This repository provides instruction-tuned large language models (LLMs) specifically for the Chinese medical domain, named BenTsao (formerly HuaTuo). It aims to improve LLM performance in medical question answering by fine-tuning base models like LLaMA, Bloom, and Huozi with a custom Chinese medical instruction dataset derived from knowledge graphs and literature.
How It Works
The project employs LoRA (Low-Rank Adaptation) for efficient instruction fine-tuning, balancing computational resources and model performance. A key innovation is "knowledge-tuning," which involves a three-stage process: extracting parameters from a question to query a medical knowledge base, retrieving relevant knowledge, and then using this knowledge to generate an answer. This approach aims to make LLMs explicitly utilize structured medical knowledge during inference for more reliable responses.

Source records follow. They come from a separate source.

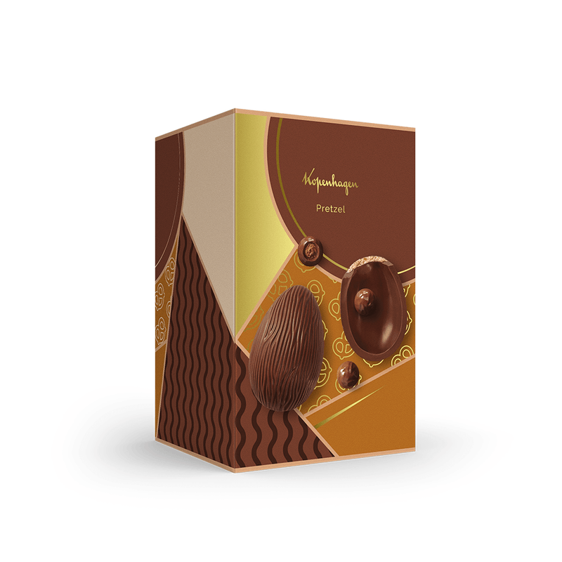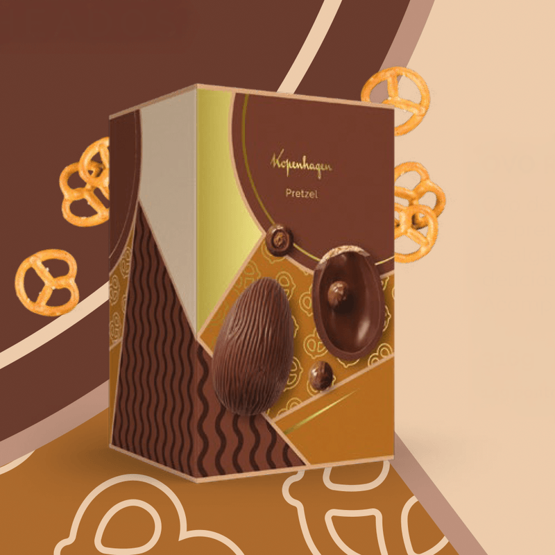 • Ovo de chocolate ao leite com recheio de creme com pedaços de Pretzel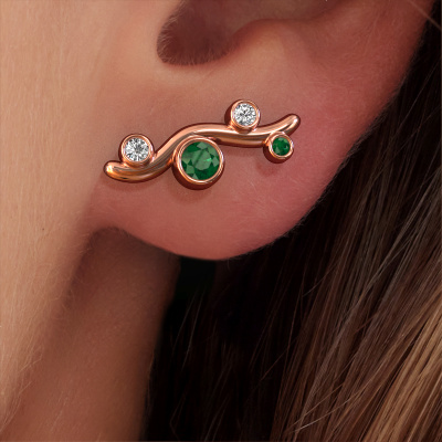How would you describe your style? Are you looking for something slightly different? These fantasy graceful rose gold stud earrings are unique and created by our expert goldsmiths. These fantasy stud earrings are set with emerald. Each of the emeralds is carefully selected, because we believe your stud earrings should be adorned with nothing but the most exquisite gemstones. Wouldn't you agree? The Jin made just for you, with great attention to detail and design.. The best part of these graceful stud earrings is that you can customize it to your own liking. Your style, your choice, your stud earrings. On top of that, your fantasy rose gold stud earrings will be made by hand with eco-friendly materials! Please feel free to easily customize the stud earrings, using our online tool.Because we design and deliver our own stud earrings, we can offer you stud earrings at a price you won't find anywhere else. stud earrings are made to order, which helps prevent excess supplies, so we can make you a great price offer. We understand it feels risky, buying your stud earrings online, but we will gladly assist in the designing process, taking your budget into consideration. To make it easier for you, we offer a 30 day return policy. Check our terms and conditions.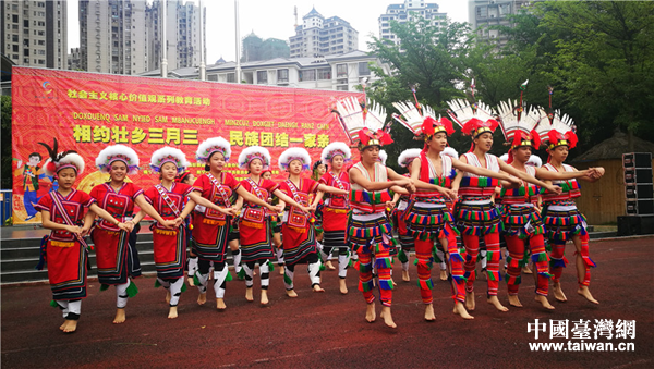 2018年4月16日,桂臺(tái)各民族連續(xù)第三年歡度“壯族三月三”期間,臺(tái)灣花蓮縣化仁中學(xué)學(xué)生在廣西南寧市桂雅路小學(xué)表演《阿美人豐年祭》。(圖片來(lái)源:廣西臺(tái)辦)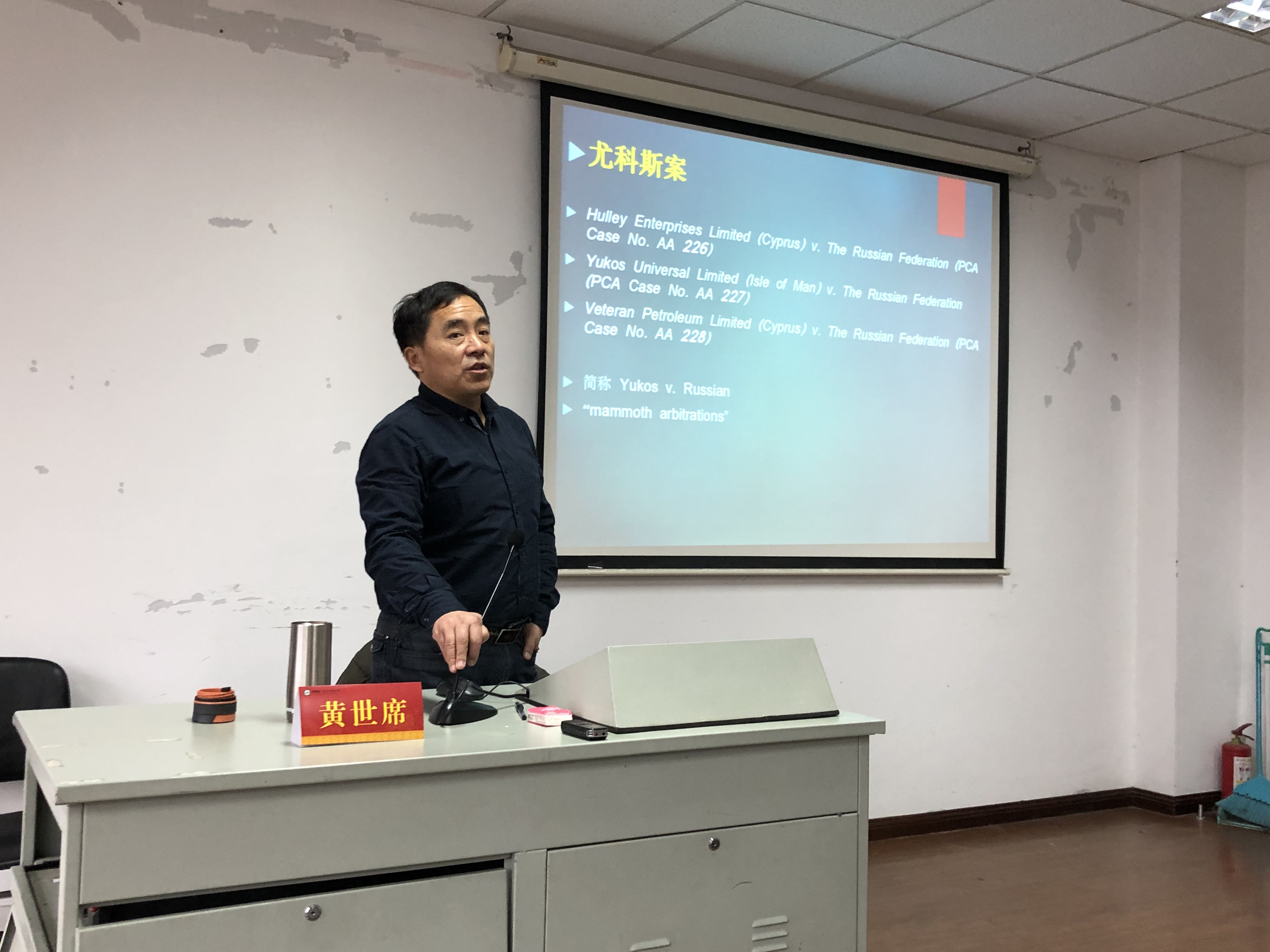 Professor Huang started the lecture with the introduction of Yukos case, which was followed with five legal issues: basic characteristics of investment arbitration, the development of international investment arbitration, the reform of international investment arbitration mechanism, the evaluation of some cases involving Chinese parties and the possible measures of Chinese parties in those cases.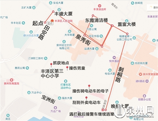 丰泽交警大队立即组织警力对该车可能逃窜路线进行布控拦截。嫌疑车辆一路疾驰,沿泉秀街行驶后左拐进入运通路,随后沿津霞街、南淮路行驶再次绕回到泉秀街,再次进入运通路后右拐到刺桐路,在刺桐路泉秀街路口,车子直接闯红灯驶过,一路上可谓险象环生。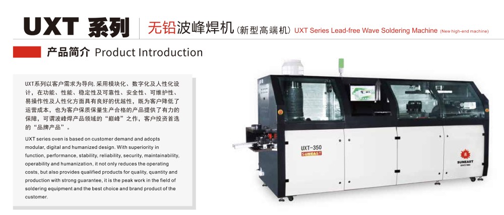 波峰焊UXT系列以客戶需求為導向, 采用模塊化、數字化及人性化設計,在功能、性能、穩定性及可靠性、安全性、可維護性、易操作性及人性化方面具有良好的優越性,既為客戶降低了運營成本,也為客戶保質保量生產合格的產品提供了有力的保障,可謂波峰焊產品領域的“巔峰”之作,客戶投資首選的“品牌產品”。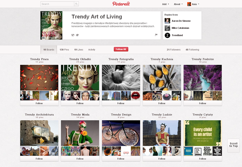 O tym, czy marki mają czego szukać na Pintereście pisaliśmy już w maju. W sierpniu i wrześniu przedstawiliśmy katalog polskich marek. Przedstawialiśmy także case study jednego z najpopularniejszych kont oraz wskazówki jak mierzyć działania komunikacyjne prowadzone w tym serwisie.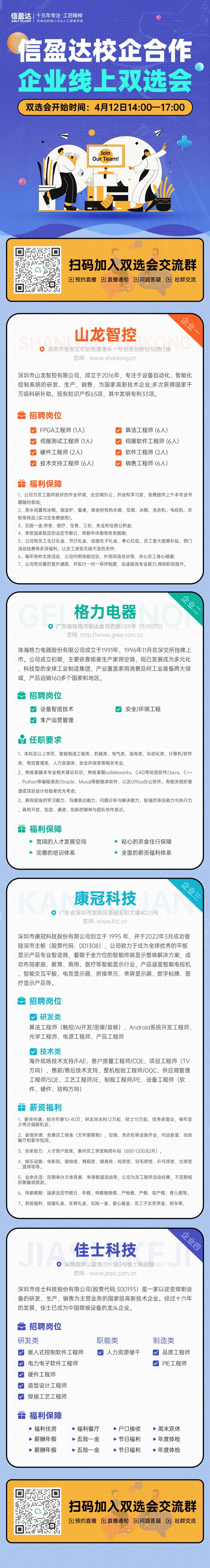 信盈达校企合作专场线上招聘会(山龙智控,格力电器、康冠科技、佳士科技)4月12日14:00

Quick Start & Requirements
- Install dependencies:
pip install -r requirements.txt
- Python 3.9+ recommended.
- LoRA weights are available via Baidu Netdisk or Hugging Face.
- Inference scripts are provided for different base models and data sources.

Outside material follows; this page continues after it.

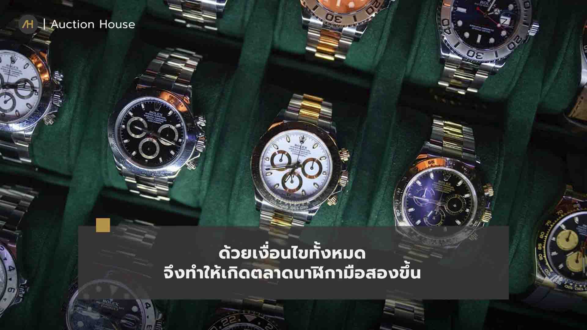 ด้วยเงื่อนไขเหล่านี้เองจึงทำให้เกิดตลาดนาฬิกามือสองขึ้นมา หรือที่คนในวงการเรียกกันว่าตลาด Resell โดยจะเห็นได้จากบุคคลที่นำนาฬิกาของตัวเองออกมาขายผ่านทางเว็บไซต์หรือกลุ่มซื้อขายต่าง ๆ หรือผู้ขายที่มีหน้าร้านนาฬิกาอยู่ที่ห้างสรรพสินค้า ซึ่ง Auction House ก็เป็นหนึ่งในช่องทางการซื้อ-ขายนาฬิกาหรูหลากหลายรุ่นและหลากหลายแบรนด์ โดยเราอำนวยความสะดวกทำหน้าที่เป็นตัวกลางให้ผู้ซื้อและผู้ขายทำการซื้อ-ขายกันบนเว็บไซต์ของเราได้อย่างง่ายดายและปลอดภัย หากใครสนใจนาฬิการุ่นไหนก็สามารถทักเข้ามาสอบถามข้อมูลกันก่อนได้ ผ่านช่องทางต่าง ๆ ของเรา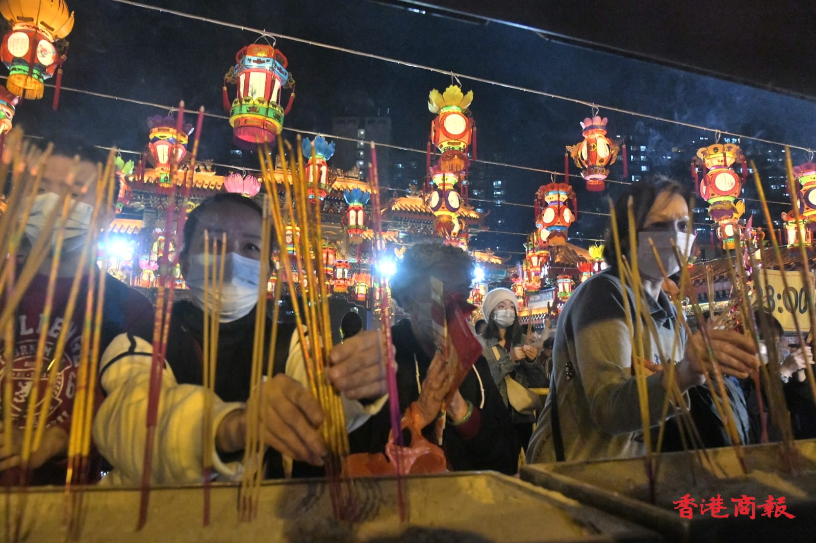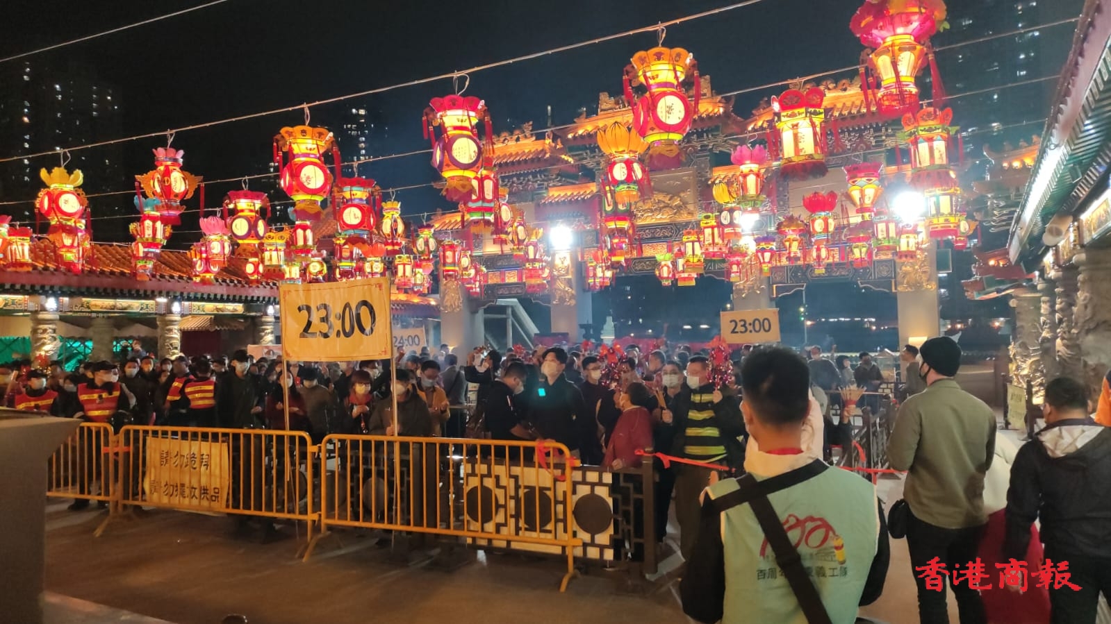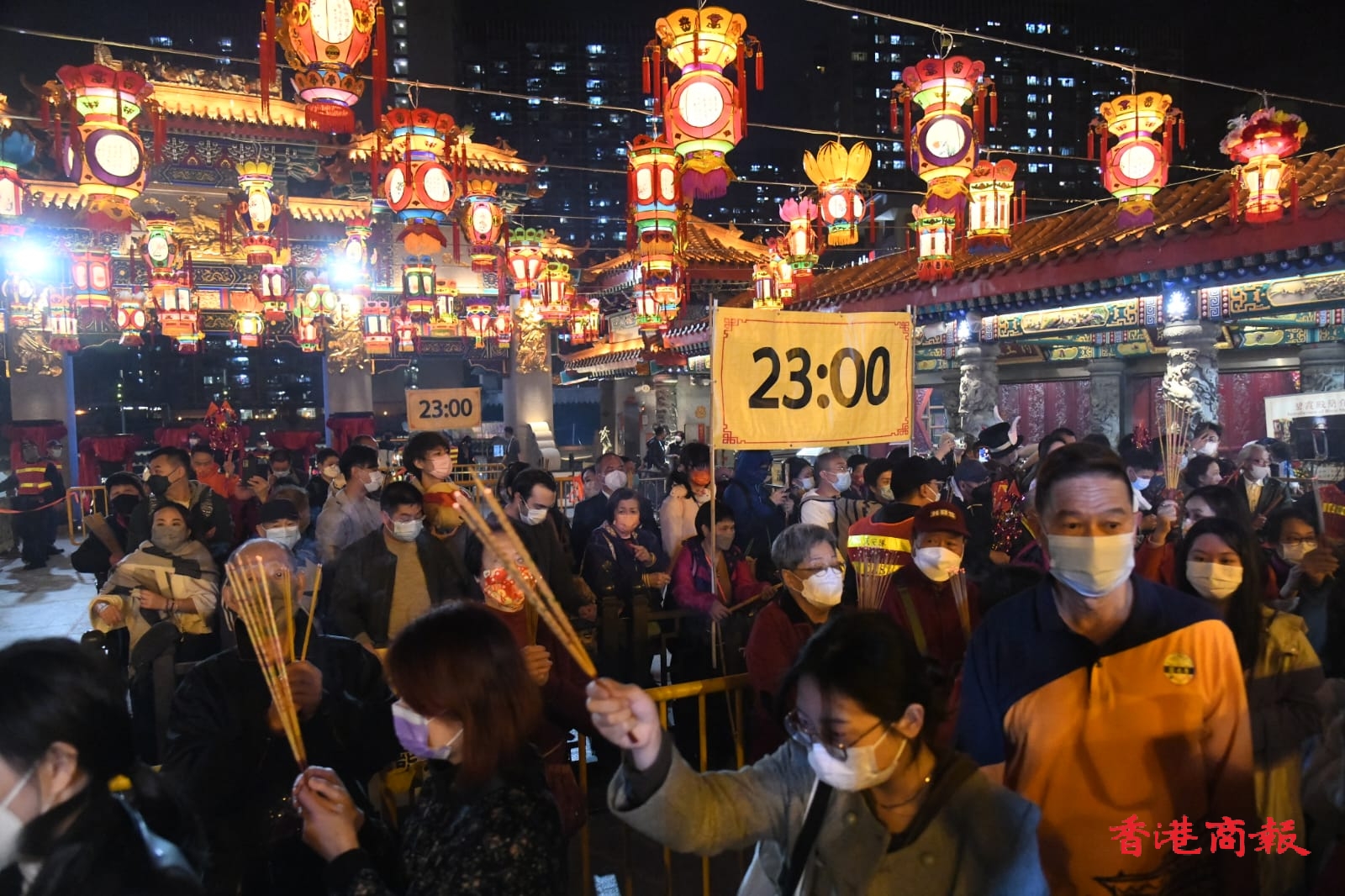 因應疫情而暫停兩年的黃大仙廟頭炷香活動,今年年三十晩正式復辦,晚上8時許,已有善信在廟外排起人龍。到晚上9時黃大仙廟開始分批讓善信參拜。頭注香將在子時(晚上11時)開始,另一次頭注香則在凌晨12點。

- Example inference command:
python infer.py --base_model 'BASE_MODEL_PATH' --lora_weights 'LORA_WEIGHTS_PATH' --use_lora True --instruct_dir 'INFER_DATA_PATH' --prompt_template 'TEMPLATE_PATH'
Highlighted Details
- Offers fine-tuned models based on LLaMA, Bloom, Alpaca-Chinese, and the Huozi (活字) model.
- Dataset construction involves using GPT-3.5 API with medical knowledge graphs (e.g., cMeKG) and medical literature (e.g., 2023 liver cancer literature).

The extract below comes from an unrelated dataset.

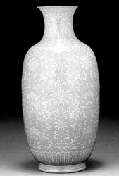 清乾隆·豆青釉堆白莲纹灯笼瓶,高55.5厘米。瓶身通体施豆青釉,再以白粉绘缠枝莲纹、如意纹、蝙蝠等各种精细纹饰,青地白花,淡雅悦目。 在清釉上以白粉堆凸花纹的装饰风格盛于乾隆早期,有如此尺寸及华丽釉色的瓷器非常罕见,极其难能可贵。与此件类似的见有北京故宫博物院藏的绿地白彩瓷瓶,器型略异,尺寸亦小于此件,但器底所署的是嘉庆年款。同样品种较为常见的是墩式碗,故宫博物院和南京博物院均有所藏。 在青釉上以白粉堆凸花纹的装饰风格始自清早期,可能是来源于泥绘的技巧,盛于唐英主持景德镇窑务的乾隆朝早期,与印、刻花及青花加白一起作为各色青釉的重要装饰手法,经久不衰。白彩直接施于釉上,更见透薄莹润的感觉。 杨羽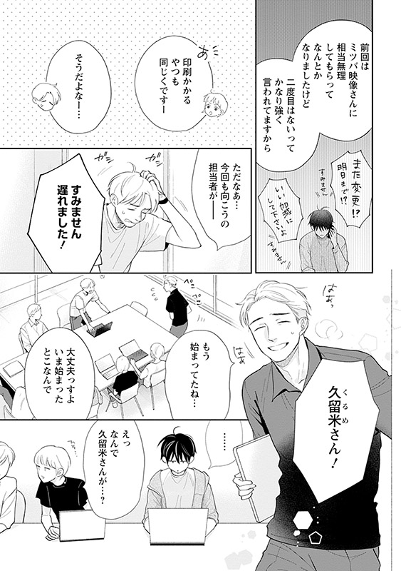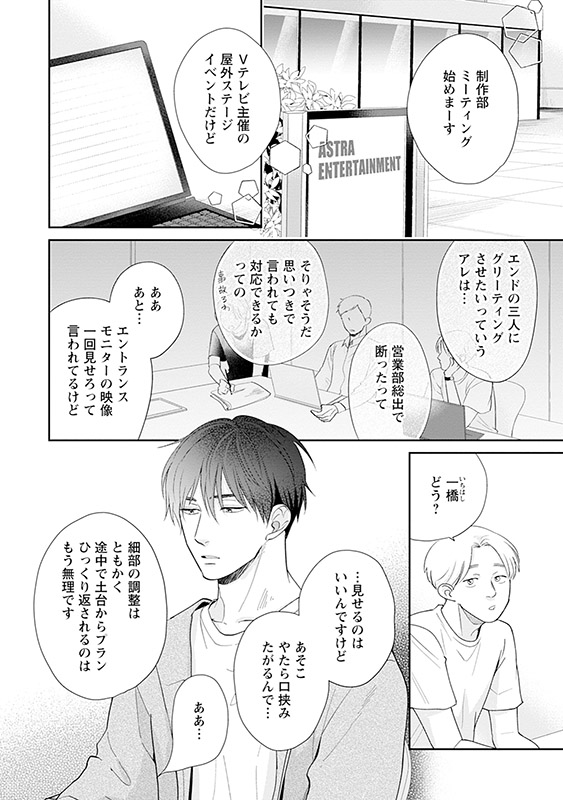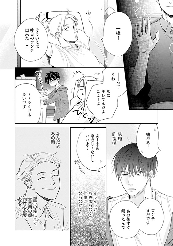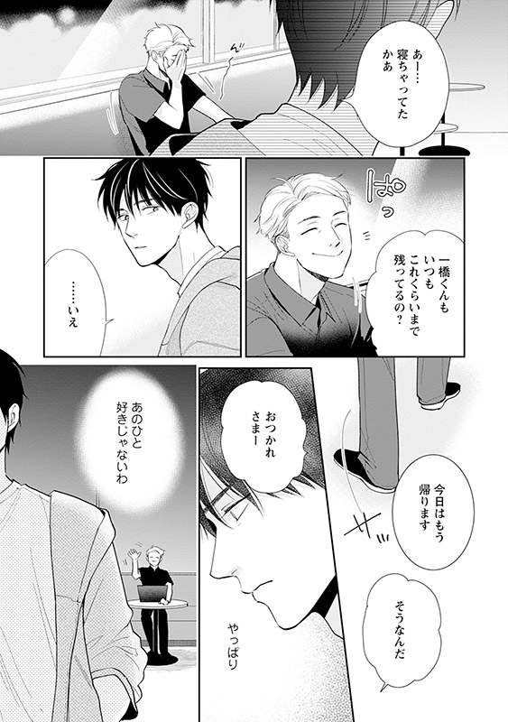 芸能事務所で働く一匹狼な会社員・一橋は、社交的で陽キャな先輩・久留米が苦手だった。しかし、同じプロジェクトで仕事をする中で、ふいに久留米が食べる姿に欲情してしまう。

- Published research papers detailing the methodology and datasets.
- LoRA fine-tuning on an A100-SXM-80GB GPU with batch size 128 uses ~40GB VRAM; 24GB VRAM GPUs (3090/4090) are expected to support it.
Maintenance & Community
- Developed by the Health Intelligence Group at the SCIR Center, Harbin Institute of Technology.
- Key contributors and supervising professors are listed.
- References and acknowledges several open-source projects including Huozi, LLaMA, Stanford Alpaca, and CMeKG.
Licensing & Compatibility
- The project explicitly states that all related resources are for academic research only and strictly prohibited for commercial use.
- Use of third-party code is subject to their respective open-source licenses.
Limitations & Caveats
- The project's dataset is largely model-generated and should not be used for actual medical diagnosis.
- The accuracy of model-generated content is not guaranteed due to factors like randomness and quantization.
- The README notes that LLaMA-based models may exhibit occasional errors or repetition due to limited Chinese corpora and a "rough" knowledge integration method; Huozi-based models are recommended for better performance.